Namun, hasil penyelidikan Polres Tapanuli Selatan justru menyebut lima SPBU tidak terbukti melakukan pelanggaran. Kesimpulan itu dinilai menimbulkan tanda tanya besar.


"Kalau benar hanya satu SPBU yang menjadi sumber, bagaimana mungkin jumlah BBM yang diamankan mencapai sekitar 900 liter? Logika publik tentu mempertanyakan hal itu. Penyidik seharusnya membuka seluruh mata rantai distribusinya," ujarnya.


Penasehat Hukum DPD MOSI, Henry Pakpahan, menilai penyidik memiliki kewenangan penuh untuk mendalami seluruh pihak yang diduga terlibat.


"Video rekaman dan alat bukti awal semestinya menjadi pintu masuk untuk mengembangkan perkara. Jika penyidikan berhenti hanya pada pelaku lapangan, maka wajar apabila muncul pertanyaan publik mengenai transparansi penanganan kasus ini," katanya.


Henry menegaskan, pelaporan ke Bidpropam Polda Sumut bukan sekadar bentuk protes, melainkan permintaan agar profesionalisme penyidik diperiksa.


"Kami ingin Bidpropam menguji apakah penanganan perkara ini sudah sesuai prosedur atau justru terdapat dugaan pelanggaran etik maupun profesionalitas penyidik."


Sementara itu, Ketua DPD MOSI Kota Medan, Rudi Hutagaol, memastikan organisasinya tidak akan berhenti mengawal perkara tersebut.


"Kami akan mengawal sampai mafia BBM bersubsidi benar-benar dibongkar.

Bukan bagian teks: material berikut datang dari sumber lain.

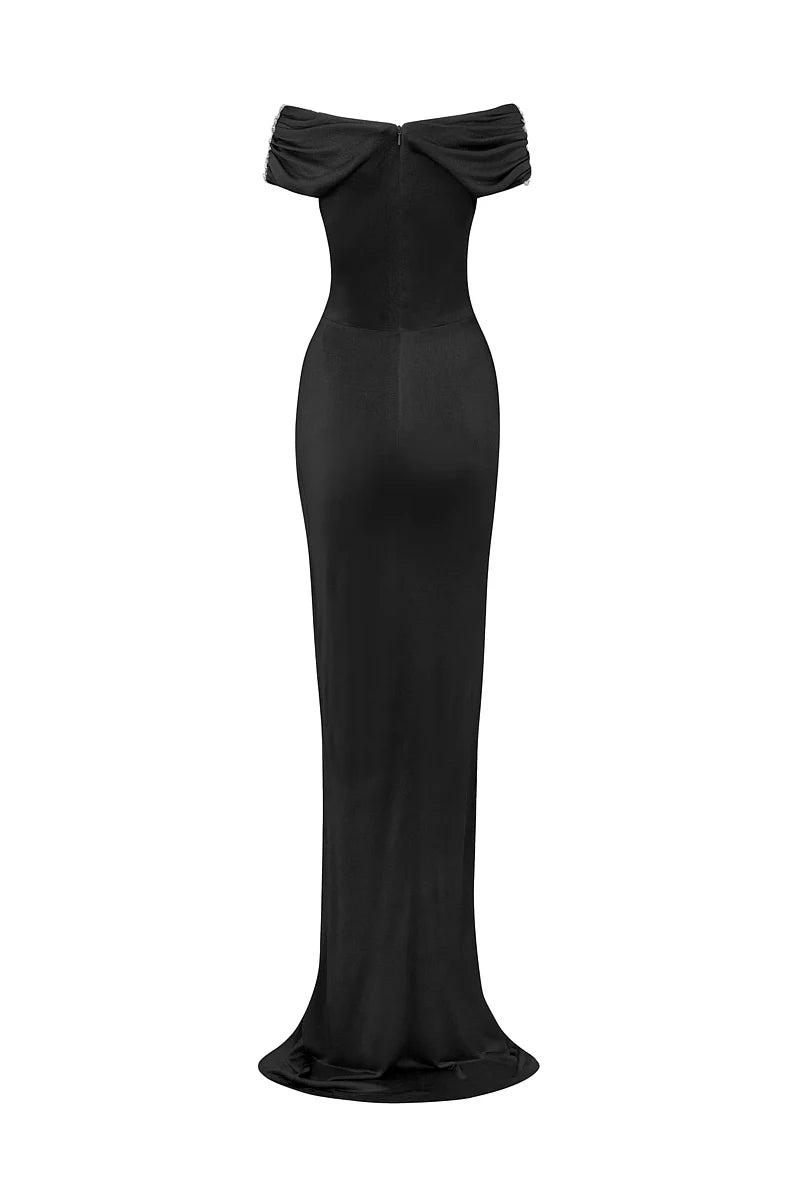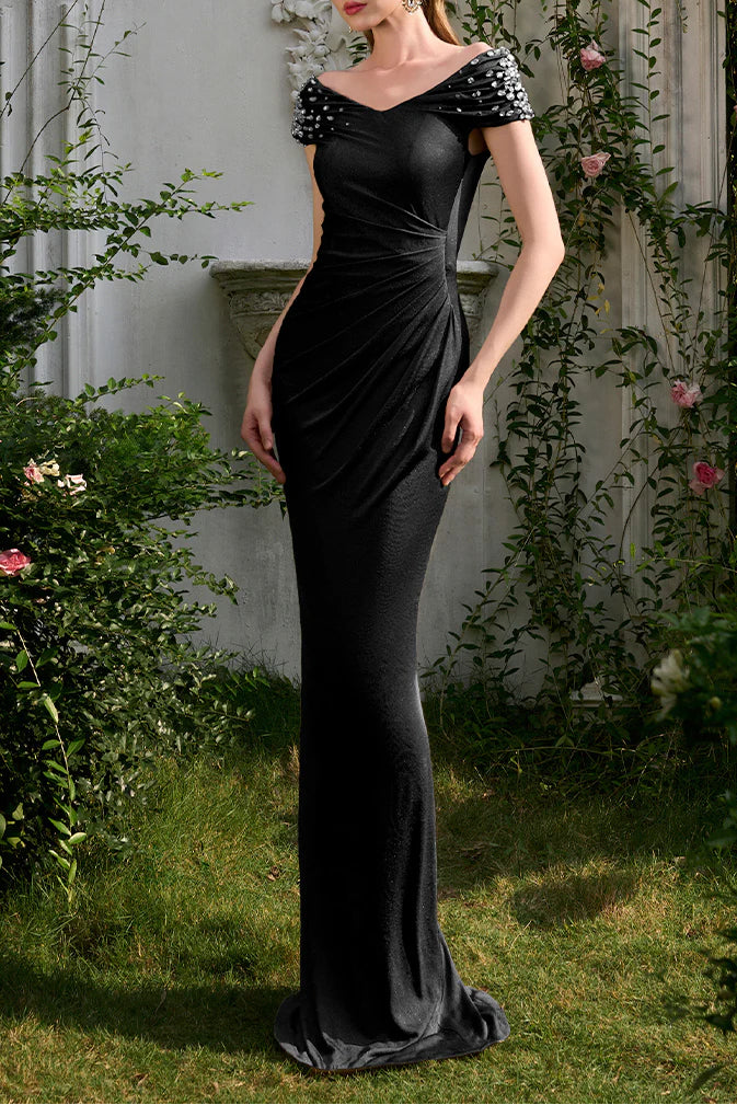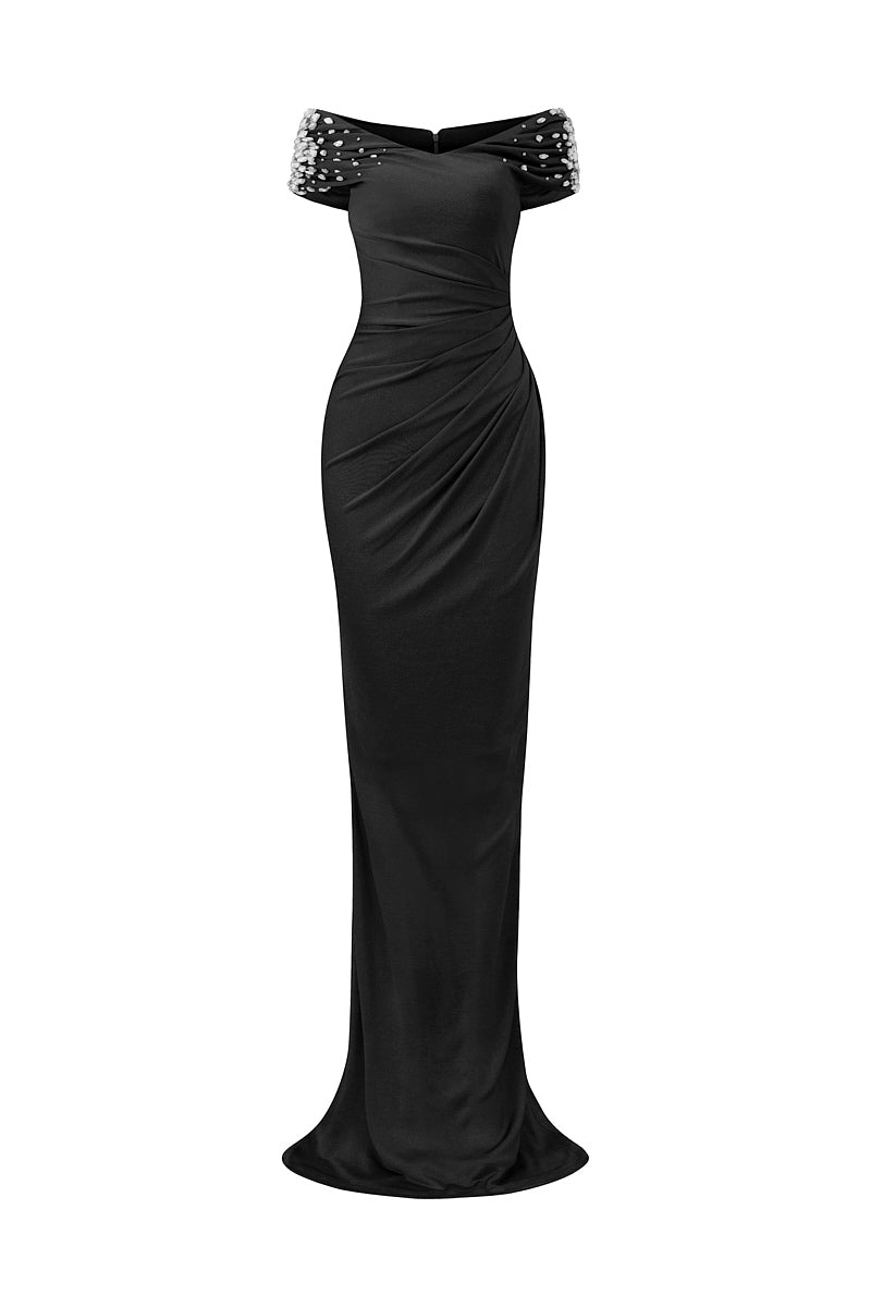 فستان مخملي فاخر مكشوف الكتفين، بأكمام كاب مزينة باللؤلؤ، وخصر منسدل أنيق يُبرز قوام الفستان بأناقة لا مثيل لها. قصته الرفيعة التي تلامس الأرض تُضفي عليه لمسةً عصريةً ساحرة.
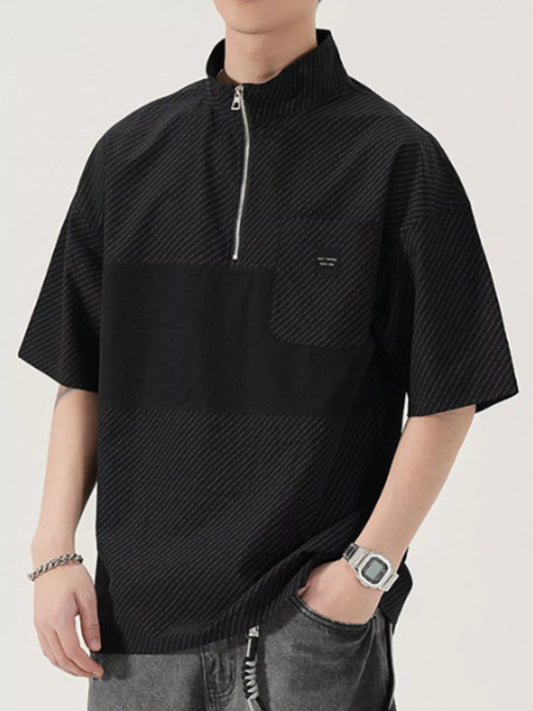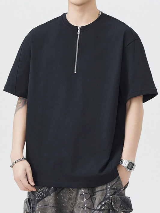 Men's Plus Size Half-Zip Oversized T-Shirt
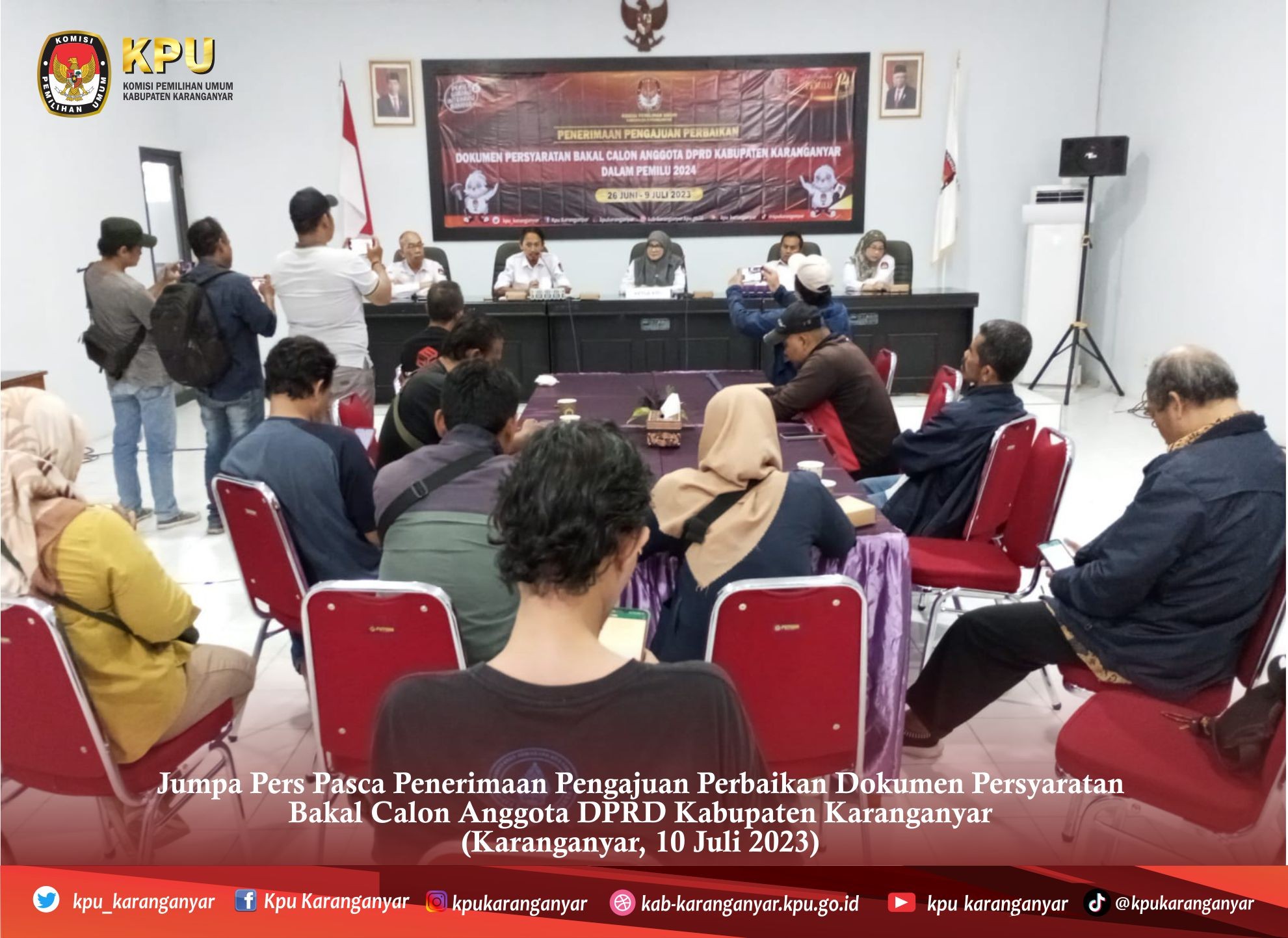 KPU Karanganyar Gelar Jumpa Pers Pasca Penerimaan Pengajuan Dokumen Perbaikan Bacaleg DPRD Kabupaten Karanganyar, Senin (10/7/2023).
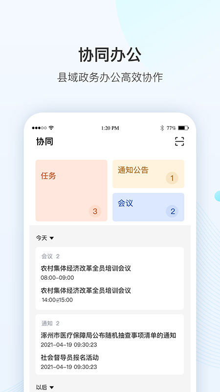 1、**协同办公中枢**:平台集成通知公告、会议安排、任务调度三大核心功能,基层工作人员可通过“协同”页面一屏查看近期工作安排。例如,镇政府发布的防汛任务可实时推送至村干部手机端,任务完成进度自动留痕,避免传统纸质记录的低效与易丢失问题。
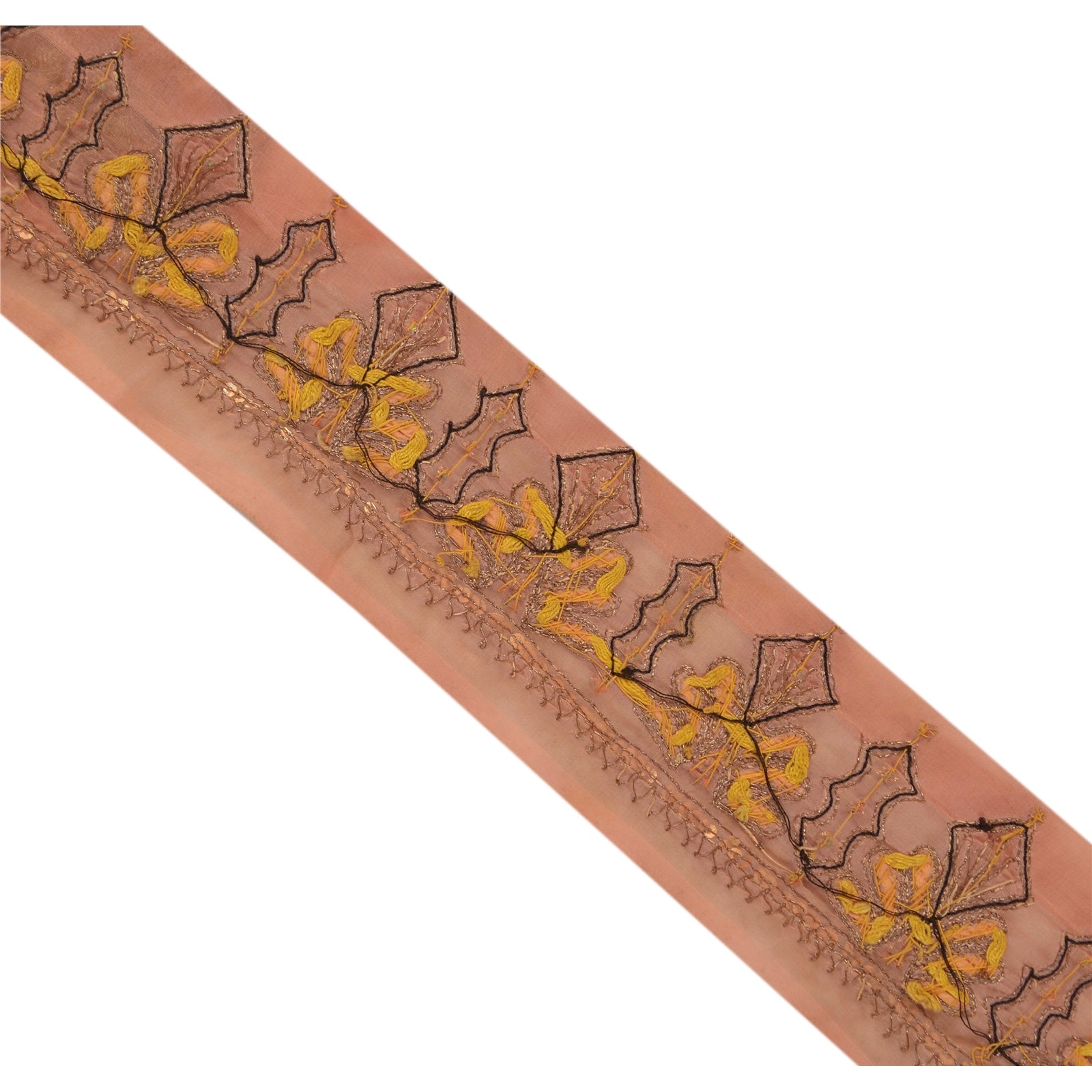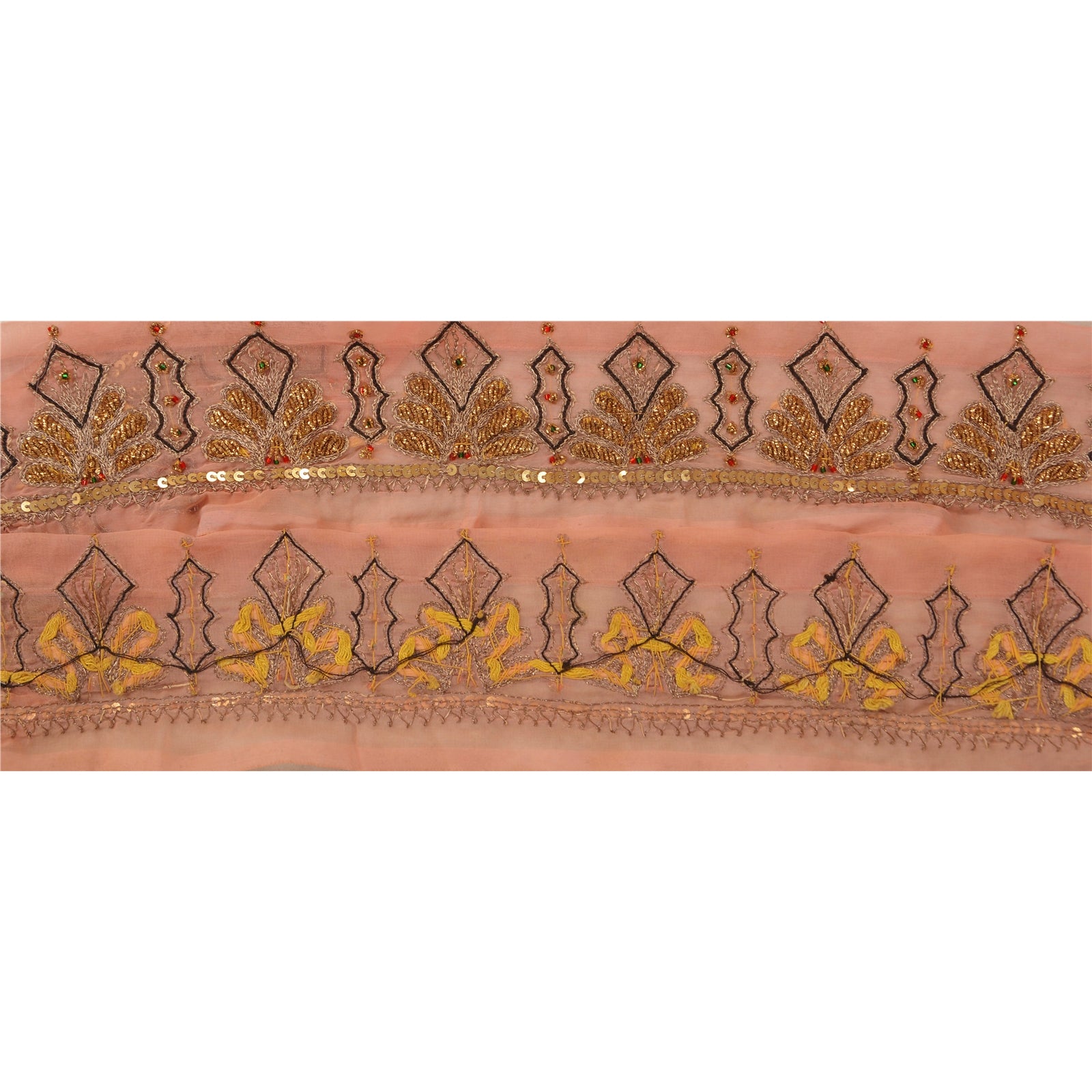 Sanskriti Vintage Border Antique Hand Beaded 1 YD Trim Sequins Pink Zari Lace

Negara tidak boleh kalah dengan mafia. BBM bersubsidi adalah hak masyarakat kecil, bukan ladang bisnis oknum yang mencari keuntungan dengan melanggar hukum," tegas Rudi.


DPD MOSI berharap Bidpropam Polda Sumut segera memeriksa Kasat Reskrim dan Kanit Tipidter Polres Tapanuli Selatan guna memastikan penanganan perkara dilakukan secara profesional, transparan, dan bebas dari intervensi.


Hingga berita ini diterbitkan, Kasat Reskrim maupun Kanit Tipidter Polres Tapanuli Selatan belum memberikan tanggapan atas pernyataan DPD MOSI. Redaksi membuka ruang hak jawab dan hak klarifikasi sesuai ketentuan Undang-Undang Nomor 40 Tahun 1999 tentang Pers.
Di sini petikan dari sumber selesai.